Javascript code wrapped in an XML CDATA block within a <script> tag on a web page causes HtmlUnit to throw the following exception:
net.sourceforge.htmlunit.corejs.javascript.EvaluatorException: illegally formed XML syntax
This can be replicated with the following Java code:
(new net.sourceforge.htmlunit.corejs.javascript.Parser()).parse("<![CDATA[obj1.obj2.func1();]]>", "", 1);
This occurs on web pages that use Oracle ADF (I believe this is the same problem reported in Bug #1991). These web pages are accepted by Firefox and other major browsers.
Tracing through the code, I can see that the TokenStream.getNextXMLToken() method successfully scans over the CDATA block, but then rather than processing the contents of the block, it just does:
parser.addError("msg.XML.bad.form");
I'm not sure why it does this, or the right way to fix it. With a little guidance, I may be able to provide a fix. Or if someone can give me one, it would be great. Otherwise, I'm being forced to use Selenium with Firefox, which is introducing other problems.
BTW, I don't know why SourceForge trashed the formatting. I didn't enter the text all globbed together like that. But there doesn't seem to be a way to edit it.
Diff:
As always it took some time to work on this. From my point of view this has to be handle by the parser. Have done a fix because the neko parser can already handle this.
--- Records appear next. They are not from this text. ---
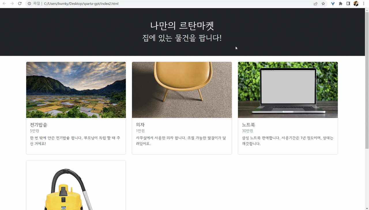 이 코드를 추가하면 "hero" 섹션이 생성되고, 섹션의 배경색은 어두운 색으로 설정되며, 흰색으로 표시된 "Bak's의 중고마켓"과 "집에 있는 물건을 팝니다!"라는 제목과 소제목이 표시됩니다.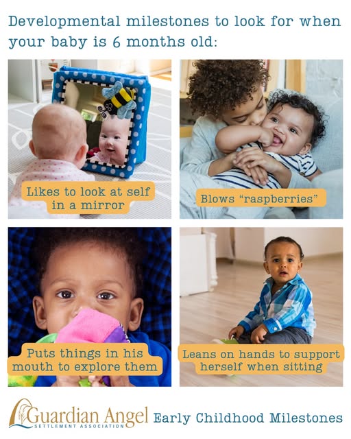 Here are some milestones to look for when your baby is 6 months old: 🪞 Likes to look at self in a mirror 😛 Blows “raspberries” (sticks tongue out and blows) 🧸 Puts things in her mouth to explore them 🫷🏽 Leans on hands to support herself when sittin Find more milestones and resources at https://www.cdc.gov/ncbddd/actearly/milestones/milestones-6mo.html. Guardian Angel provides the support and education necessary for your child to flourish! Learn about our programs at https://gasastl.org/about-our-childcare-programs/. (fb)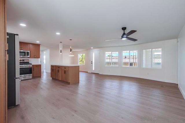 Exquisitely remodeled 3-bedroom home with a versatile California room, showcasing a stunning open-concept design. The centrally positioned kitchen, a true centerpiece, seamlessly connects the living and dining areas, featuring elegant pendant lighting, subway tile backsplash, and new stainless steel appliances. Luxury vinyl flooring flows throughout, complemented by all-new doors, hardware, electrical outlets, switches, ceiling fans, and energy-efficient Green World vinyl windows. The state-of-the-art AC Pro system ensures quiet, powerful cooling. Both bathrooms are beautifully updated with modern finishes. The low-maintenance yard boasts palm trees. Major savings! This home is not on the tax rolls and rent is low at $686 per month.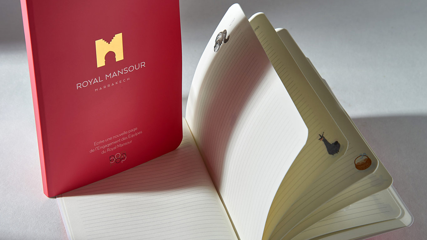 Livret Moleskine 13x21 cm, 144 p. int. sur Munken Pure 90g quadri recto/verso numérique, 4 p. de couverture sur couché satin 350g avec pelliculage mat anti rayure + marque à chaud or brillant recto seul, dos carré collé PUR et coins arrondis.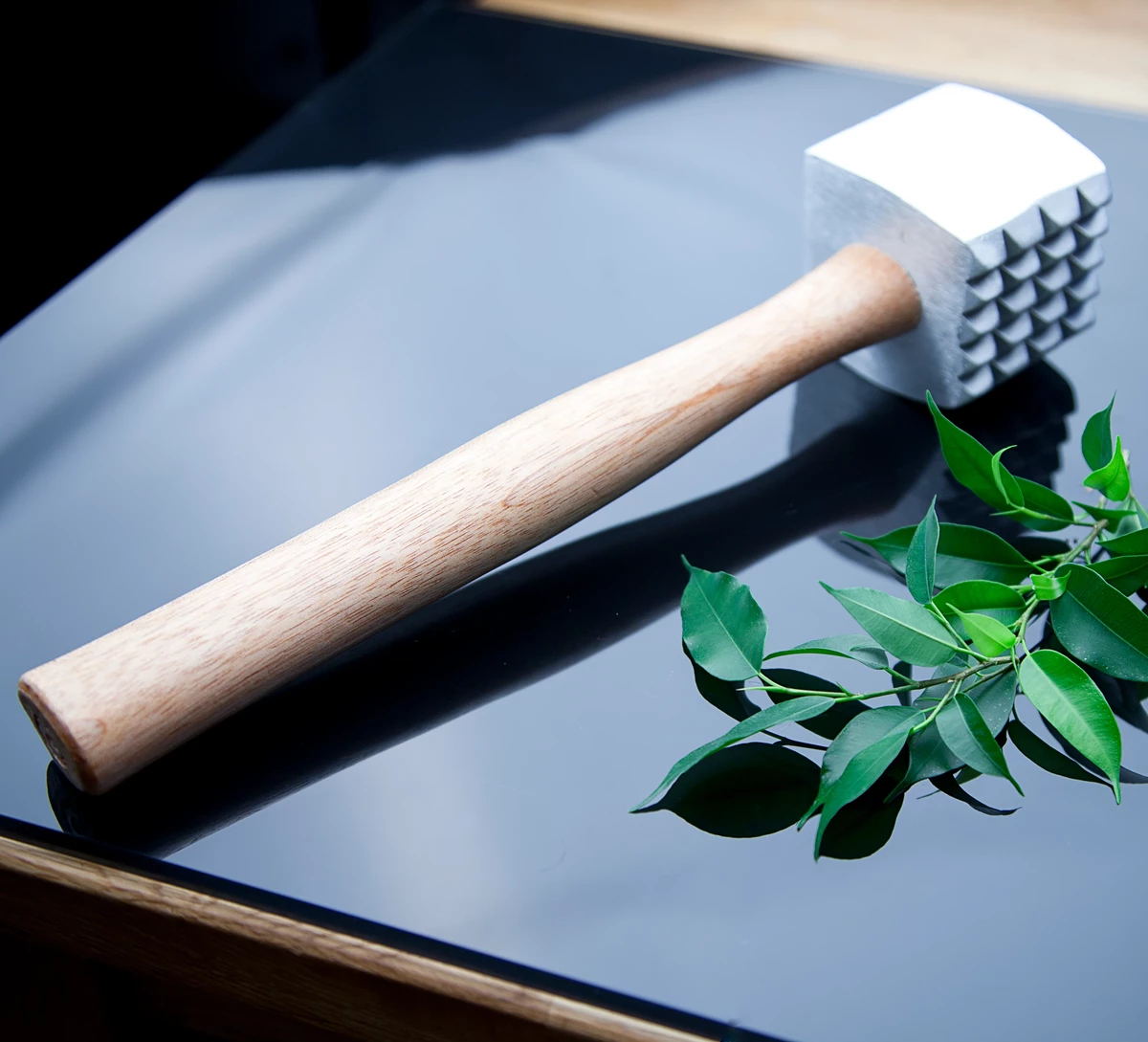 En rejäl och robust biffklubba i gjuten aluminium med ett bekvämt träskaft. Förbered köttet med enkelhet och få till ett perfekt resultat, biffklubban kommer med en taggig sida som fungerar utmärkt för att bryta sönder köttets muskelfiber. Den släta ytan används för att platta ut köttet, framtagen för det professionella köket.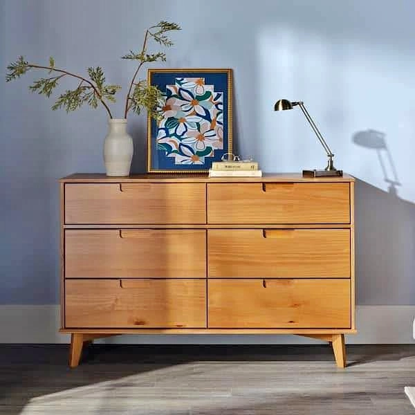 Sloane Mid-Century Modern Caramel 6-Drawer 52 in. Solid Wood Dre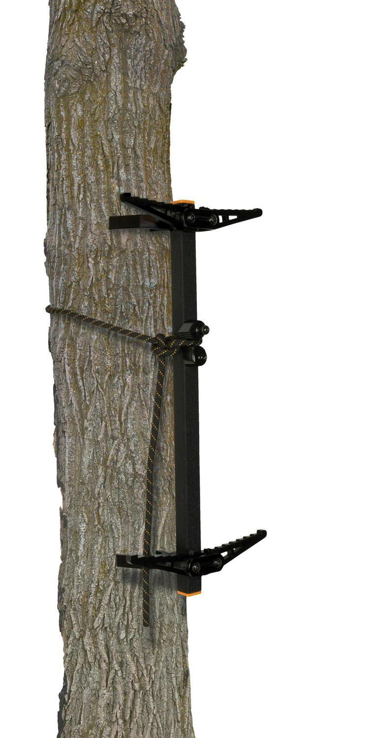 Aluminum climbing sticks featuring Rope Cam system for a quick and quiet install. Designed to pack with several compatible Muddy fixed position treestands. Each step has built-in teeth for extra grip. Works well on both crooked and straight trees. Total height is 12.5 with 18 between sections. Weighs 10 lbs. Weight rating: 300 lbs.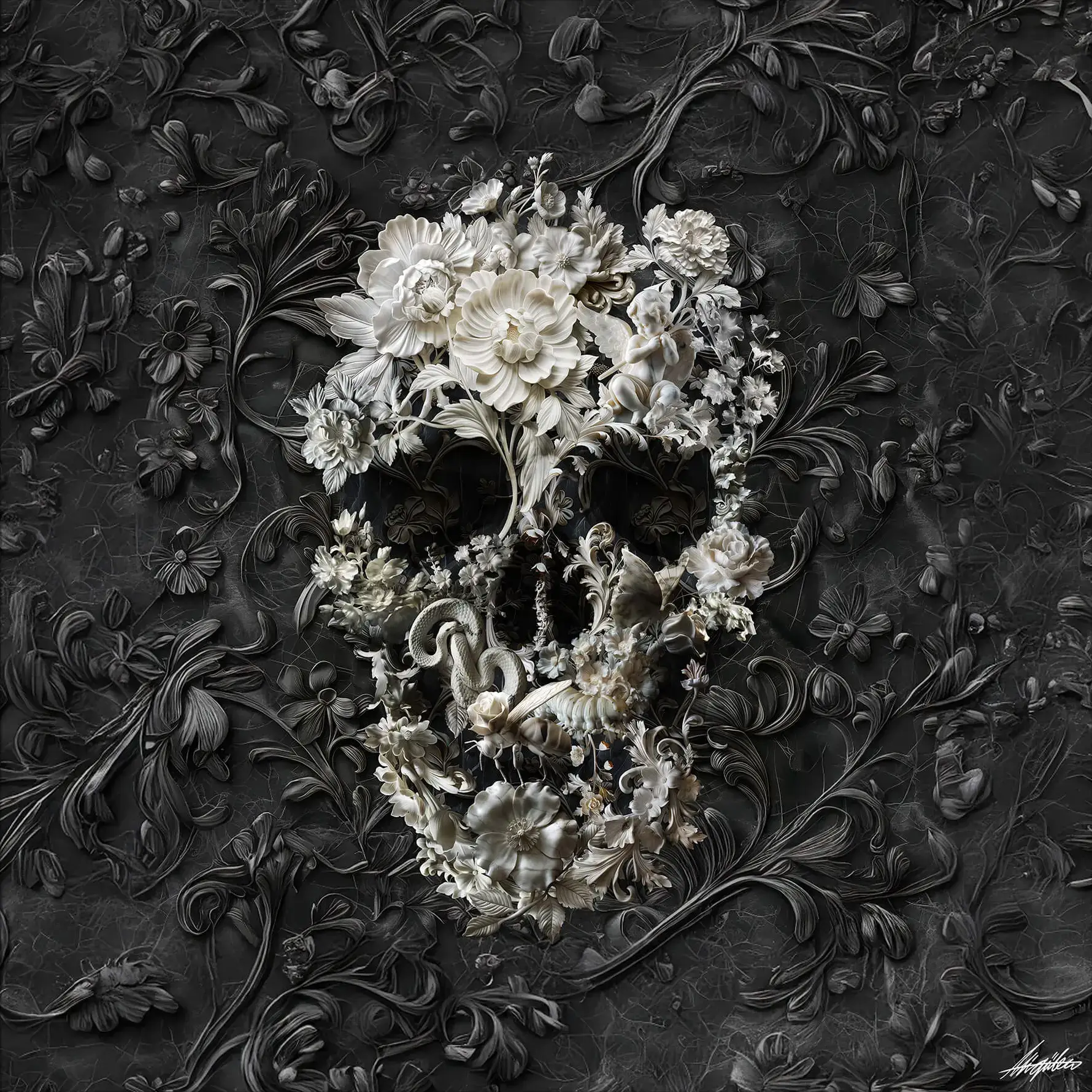 Polished stone veins ripple across a human skull rendered in pure white. Petals unfurl from the eye sockets, their grayscale tones glinting like silver against a deep charcoal background. Tiny cracks and subtle shadows give the bone realistic depth while the flowers feel almost soft enough to touch. Drips of ink stream downward, blurring the boundary between sculpture and painting. Negative space surrounds the form, letting the imagery breathe and placing full focus on the strange beauty of life sprouting from death. This surreal composition balances elegance with defiance, making the image at once haunting and peaceful.
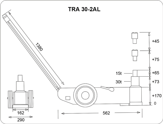 Домкрат пневмогідравлічний підкатий 30/15 т

Please have a look at twitter (https://twitter.com/HtmlUnit). Will inform about a new snapshot if available.
Same problem with style declarations.
Should be fixed now. Will inform via twitter (https://twitter.com/HtmlUnit) if a new snapshot is avalialable.
Please check if your problem is gone.
Your cases
(new net.sourceforge.htmlunit.corejs.javascript.Parser()).parse("<![CDATA[obj1.obj2.func1();]]>", "", 1);will still fail, because the CDATA processing is done by the (X)Html parser.
Reopen this if it is still not working.